:: EXERCISE ::
The task calls for the lines below from the line with "Breaking it down, benefiting" to the line with "38. dakikada Erkan'ın", both ends included, copied exactly, without any pictures.

:: PROVIDED DATA ::
━━━━━━━━━━━━━━━━━━━━━━━━━━━━━━

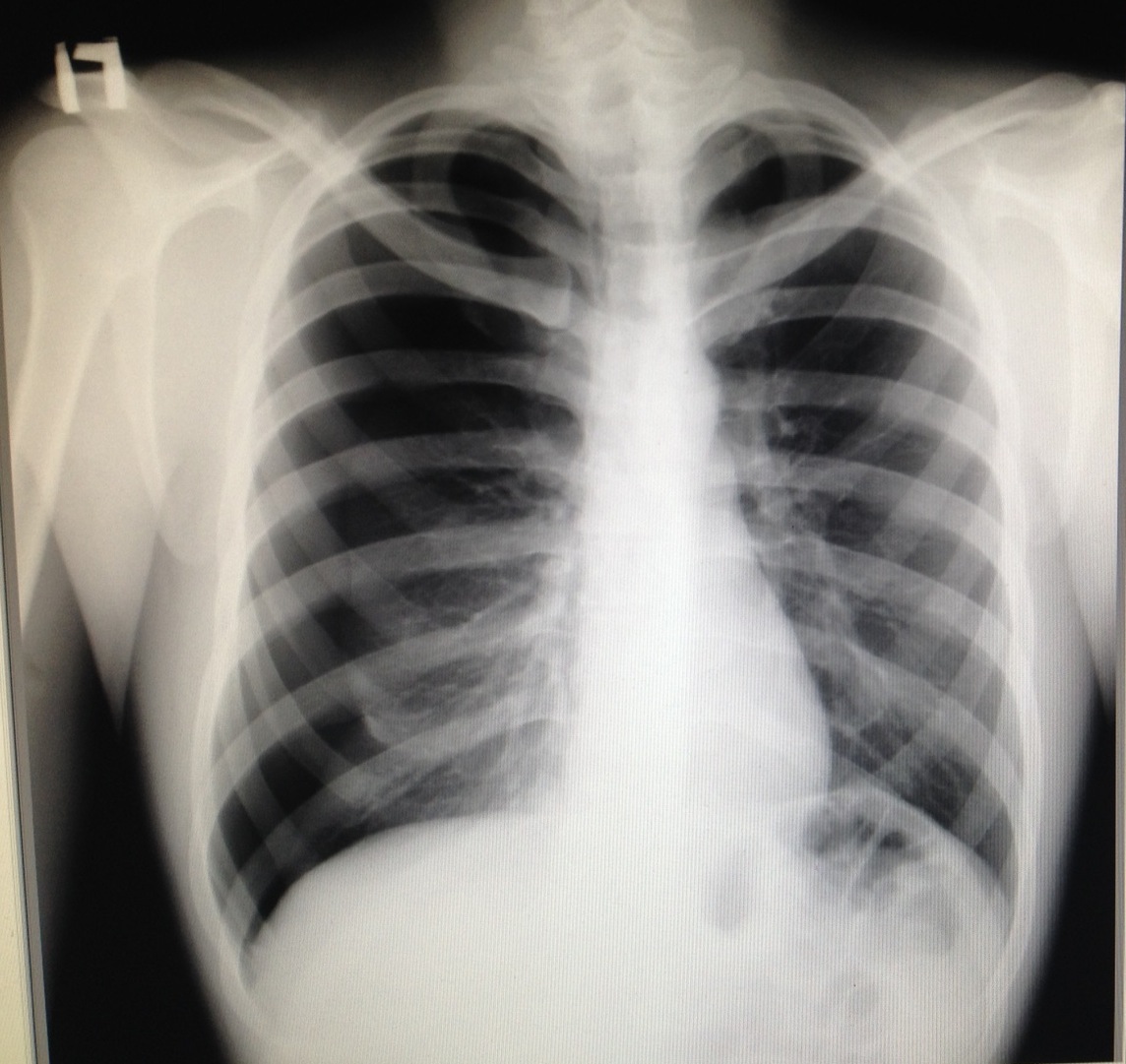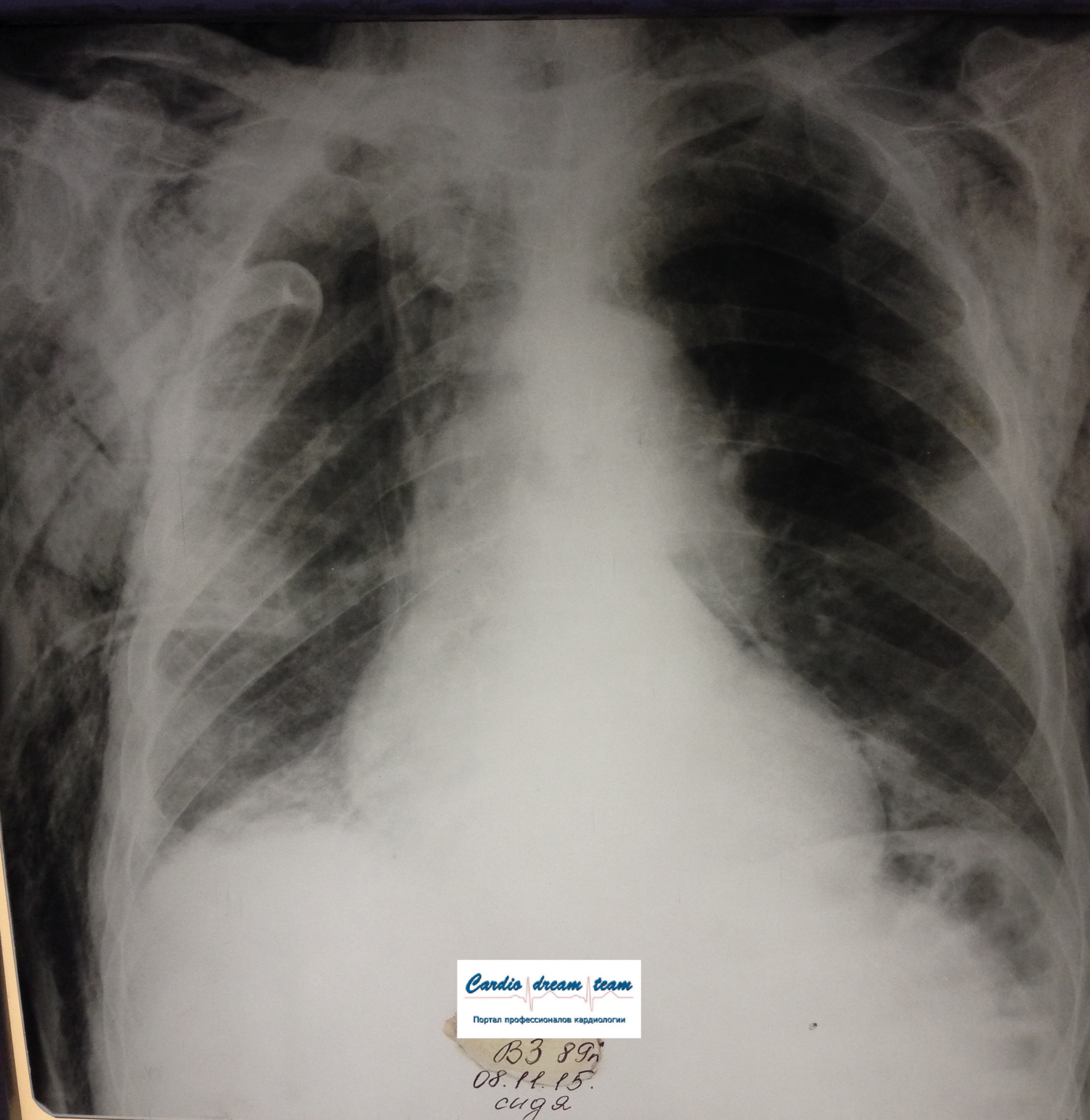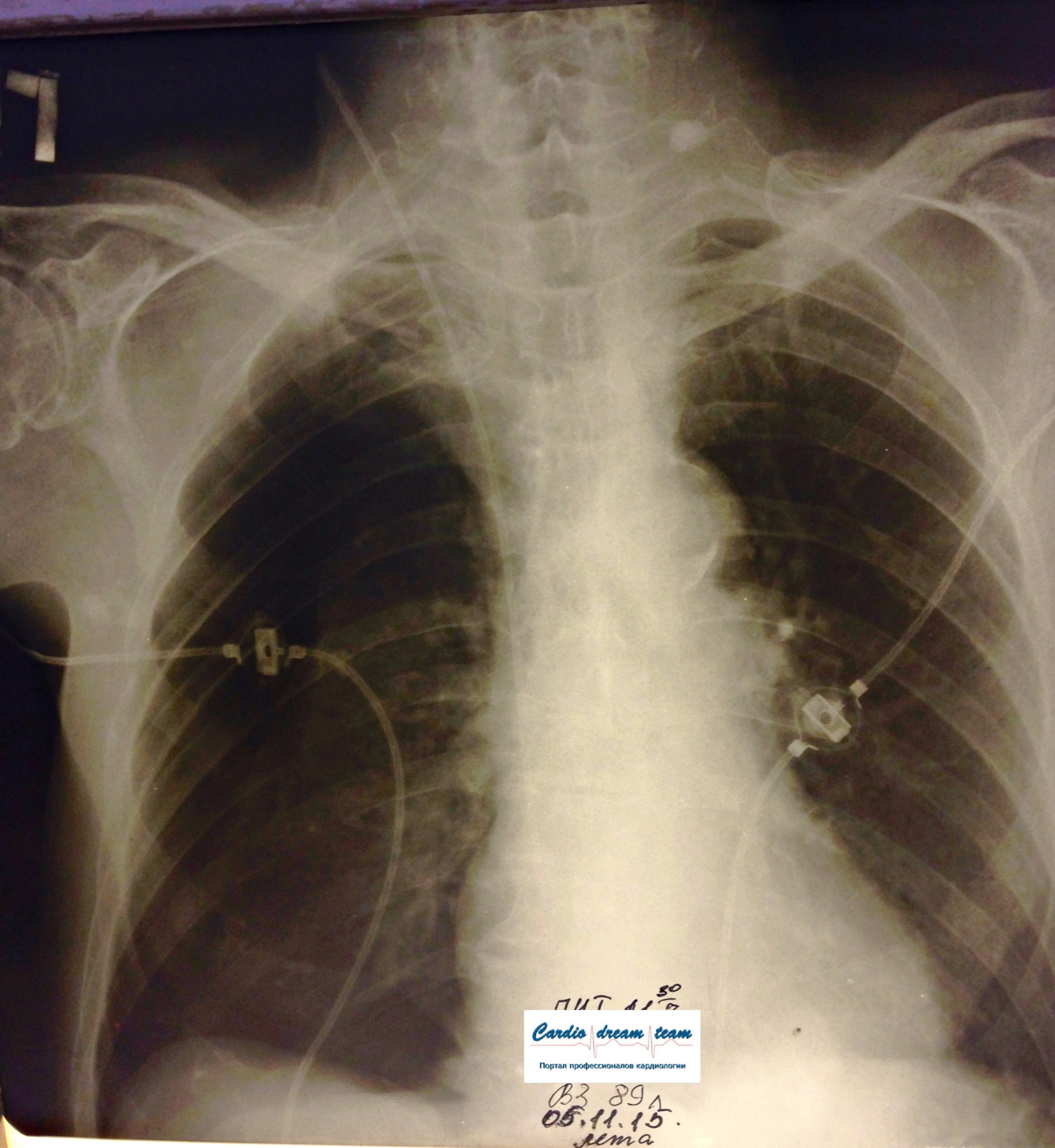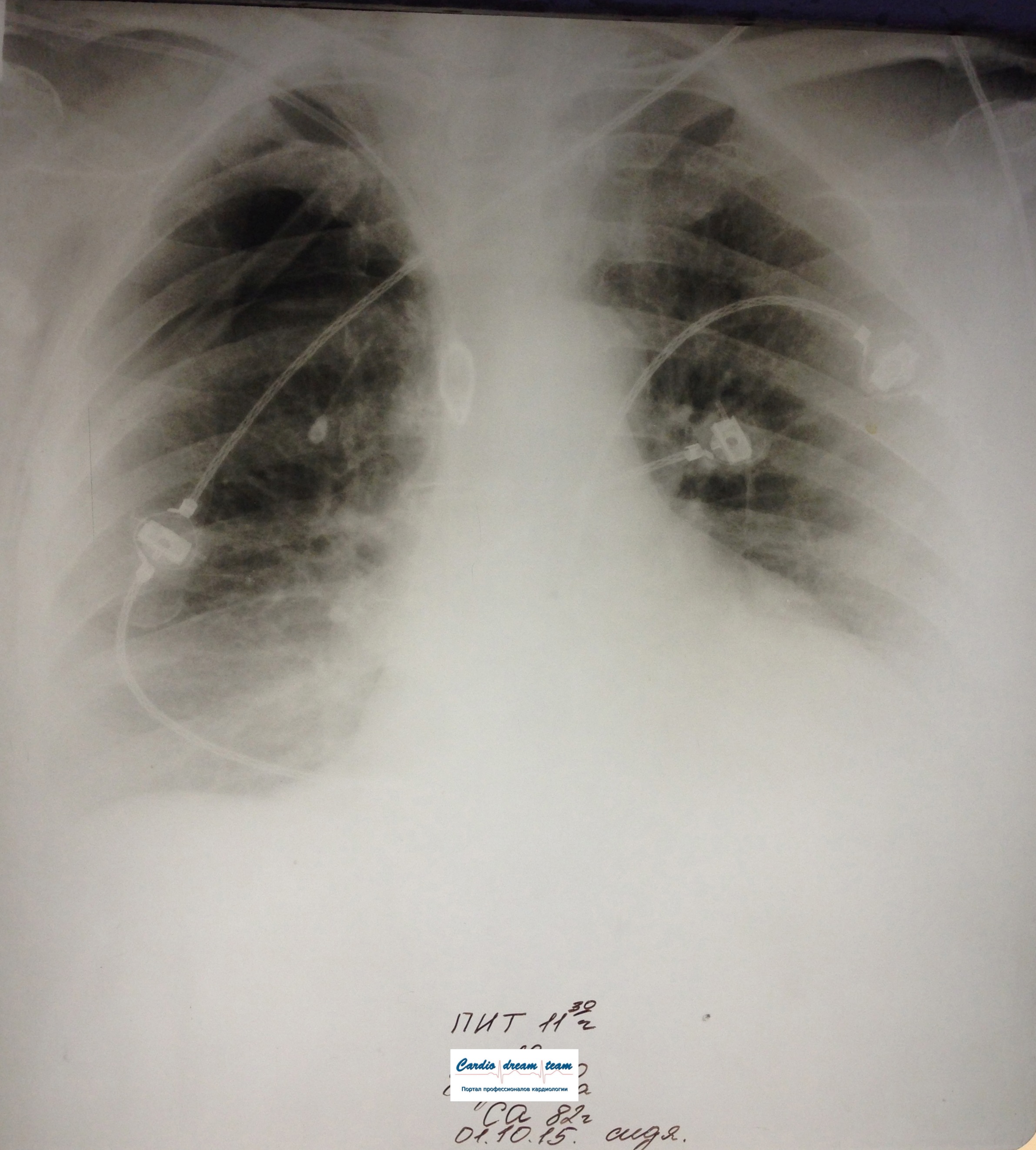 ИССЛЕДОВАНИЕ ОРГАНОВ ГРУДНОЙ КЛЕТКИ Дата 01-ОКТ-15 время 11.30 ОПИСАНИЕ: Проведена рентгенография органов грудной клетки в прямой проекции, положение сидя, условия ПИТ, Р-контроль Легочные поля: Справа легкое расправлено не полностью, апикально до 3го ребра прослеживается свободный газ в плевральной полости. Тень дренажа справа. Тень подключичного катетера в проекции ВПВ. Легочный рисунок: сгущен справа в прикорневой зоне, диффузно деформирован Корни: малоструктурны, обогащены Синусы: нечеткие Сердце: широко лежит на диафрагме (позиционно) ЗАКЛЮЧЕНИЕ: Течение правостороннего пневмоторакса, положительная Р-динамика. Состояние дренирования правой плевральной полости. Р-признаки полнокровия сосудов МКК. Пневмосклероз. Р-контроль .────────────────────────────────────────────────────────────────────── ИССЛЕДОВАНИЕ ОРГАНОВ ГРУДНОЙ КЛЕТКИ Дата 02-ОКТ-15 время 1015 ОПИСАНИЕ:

━━━━━━━━━━━━━━━━━━━━━━━━━━━━━━

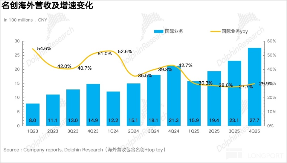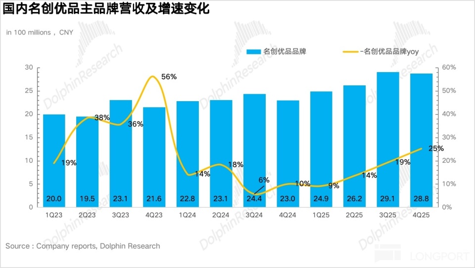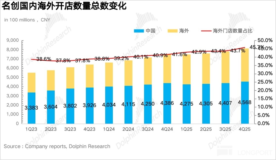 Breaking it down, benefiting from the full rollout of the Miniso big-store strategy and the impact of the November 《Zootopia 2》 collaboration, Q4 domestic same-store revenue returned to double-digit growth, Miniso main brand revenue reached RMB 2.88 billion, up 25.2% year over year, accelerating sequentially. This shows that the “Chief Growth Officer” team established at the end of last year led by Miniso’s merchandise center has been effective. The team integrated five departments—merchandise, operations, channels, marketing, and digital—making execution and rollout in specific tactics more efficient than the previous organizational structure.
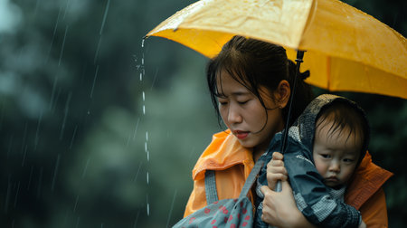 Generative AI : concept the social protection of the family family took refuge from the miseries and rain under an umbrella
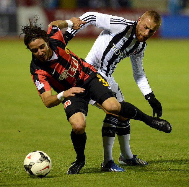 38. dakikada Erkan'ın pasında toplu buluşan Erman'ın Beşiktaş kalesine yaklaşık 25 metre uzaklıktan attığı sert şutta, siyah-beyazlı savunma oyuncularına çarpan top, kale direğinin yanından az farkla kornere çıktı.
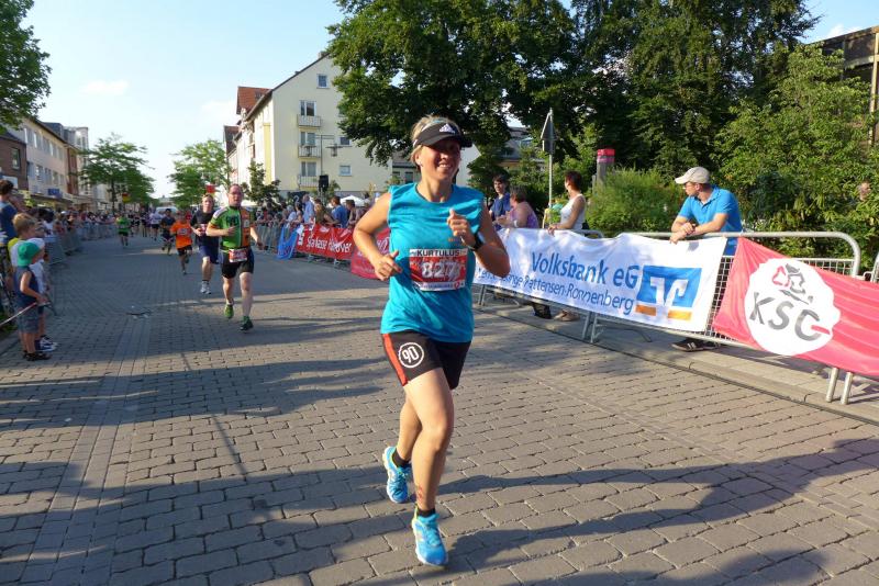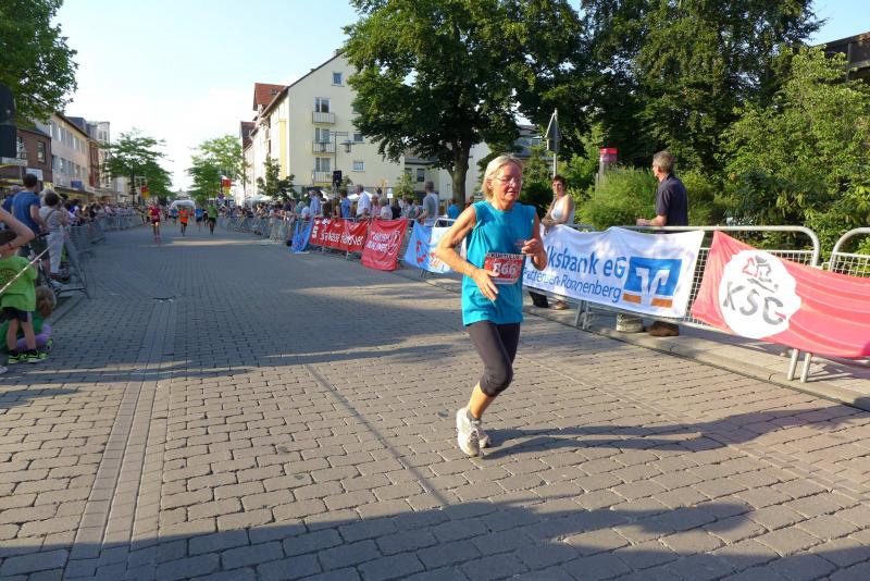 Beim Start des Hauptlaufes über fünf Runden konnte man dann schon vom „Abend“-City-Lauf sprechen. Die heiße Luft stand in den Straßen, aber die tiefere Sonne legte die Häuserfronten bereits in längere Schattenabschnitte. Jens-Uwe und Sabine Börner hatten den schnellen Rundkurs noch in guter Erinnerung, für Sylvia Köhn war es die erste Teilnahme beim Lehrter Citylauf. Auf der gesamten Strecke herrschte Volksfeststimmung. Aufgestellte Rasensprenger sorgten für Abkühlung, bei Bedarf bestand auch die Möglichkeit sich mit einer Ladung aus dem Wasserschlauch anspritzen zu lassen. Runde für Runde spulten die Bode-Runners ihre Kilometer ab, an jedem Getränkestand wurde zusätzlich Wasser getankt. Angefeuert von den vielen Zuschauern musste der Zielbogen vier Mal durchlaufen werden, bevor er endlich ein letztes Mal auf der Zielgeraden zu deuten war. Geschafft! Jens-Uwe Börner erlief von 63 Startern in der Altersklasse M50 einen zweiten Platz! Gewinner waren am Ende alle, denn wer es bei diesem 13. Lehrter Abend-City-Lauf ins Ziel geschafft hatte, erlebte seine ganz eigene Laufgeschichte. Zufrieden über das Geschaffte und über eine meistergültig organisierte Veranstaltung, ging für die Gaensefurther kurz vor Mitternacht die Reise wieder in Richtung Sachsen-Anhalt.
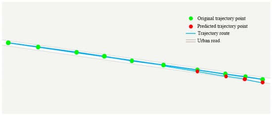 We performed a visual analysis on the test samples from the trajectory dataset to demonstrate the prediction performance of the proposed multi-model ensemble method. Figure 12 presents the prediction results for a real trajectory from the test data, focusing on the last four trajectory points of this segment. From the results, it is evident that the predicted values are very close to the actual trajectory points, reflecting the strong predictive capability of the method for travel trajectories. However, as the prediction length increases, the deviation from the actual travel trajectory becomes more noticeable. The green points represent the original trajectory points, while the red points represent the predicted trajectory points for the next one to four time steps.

━━━━━━━━━━━━━━━━━━━━━━━━━━━━━━

:: SOLUTION TO THIS EXERCISE ::
 Breaking it down, benefiting from the full rollout of the Miniso big-store strategy and the impact of the November 《Zootopia 2》 collaboration, Q4 domestic same-store revenue returned to double-digit growth, Miniso main brand revenue reached RMB 2.88 billion, up 25.2% year over year, accelerating sequentially. This shows that the “Chief Growth Officer” team established at the end of last year led by Miniso’s merchandise center has been effective. The team integrated five departments—merchandise, operations, channels, marketing, and digital—making execution and rollout in specific tactics more efficient than the previous organizational structure.
 Generative AI : concept the social protection of the family family took refuge from the miseries and rain under an umbrella
 38. dakikada Erkan'ın pasında toplu buluşan Erman'ın Beşiktaş kalesine yaklaşık 25 metre uzaklıktan attığı sert şutta, siyah-beyazlı savunma oyuncularına çarpan top, kale direğinin yanından az farkla kornere çıktı.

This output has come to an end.